15 If I had said, “I will talk on in this way,” I would have been untrue to the circle of your children.
16 But when I thought how to understand this, it seemed to me a wearisome task,
17 until I went into the sanctuary of God; then I perceived their end.
18 Truly you set them in slippery places; you make them fall to ruin.
19 How they are destroyed in a moment, swept away utterly by terrors!
20 They are like a dream when one awakes; on awaking you despise their phantoms.
21 When my soul was embittered, when I was pricked in heart,
22 I was stupid and ignorant; I was like a brute beast toward you.
23 Nevertheless I am continually with you; you hold my right hand.
24 You guide me with your counsel, and afterward you will receive me with honor.
25 Whom have I in heaven but you? And there is nothing on earth that I desire other than you.
26 My flesh and my heart may fail, but God is the strength of my heart and my portion forever.
27 Indeed, those who are far from you will perish; you put an end to those who are false to you.
28 But for me it is good to be near God; I have made the Lord GOD my refuge, to tell of all your works.

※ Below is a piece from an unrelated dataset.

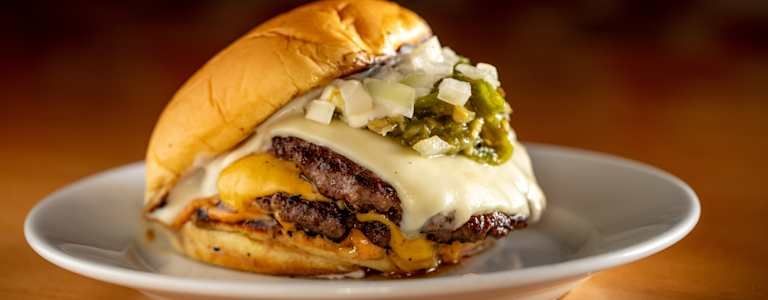 Juicy beef patty with cheese, onion and jalapeno pickles on a toasted potato bun, with our house seasoning, zaab sauce, onion confit

Several church communities I am familiar with have adopted the popular, “God is good all the time and all the time God is good” saying. While I do not disagree with the assertion that God is good, an honest reflection on the life of faith may question the experience of God’s goodness. One of the gifts of the psalter is that it includes prayers that wrestle with the experience of God’s goodness in a world where the wicked seem to prosper and the righteous suffer. The righteous ones in the psalms ask questions of God, speak openly of the things that make them question their way of life as they, “keep looking for truth in the midst of an imperfect world.” (Nancy deClaisse-Walford, 2014, p. 593)

What does it mean for God to be good to the upright and the pure of heart in a world where the wicked are at peace and the righteous suffer. The observation of a world where the immediate experience seems to contradict the promise of prosperity for those keep God’s covenant. In Hebrew the psalmist sees the shalom of the wicked (translated prosperity in the NRSV). Shalom indicates peace and prosperity. It is what is promised to the righteous but is now viewed by the psalmist as being received by the wicked. Their physical and emotional health is secure, they are well fed, they bear no consequences for their violent words and actions, their pride is viewed by others as a virtue. Their way of life seems to contradict the will of God and yet they seem to be rewarded in society for their self-centered actions. On a societal level this seems to have been the struggle of Israel, staying faithful to God when their neighbors seemed to prosper, and on an individual level the psalmist confesses that it nearly caused him to stray from the path and adopt the practices of these apparently successful wicked ones.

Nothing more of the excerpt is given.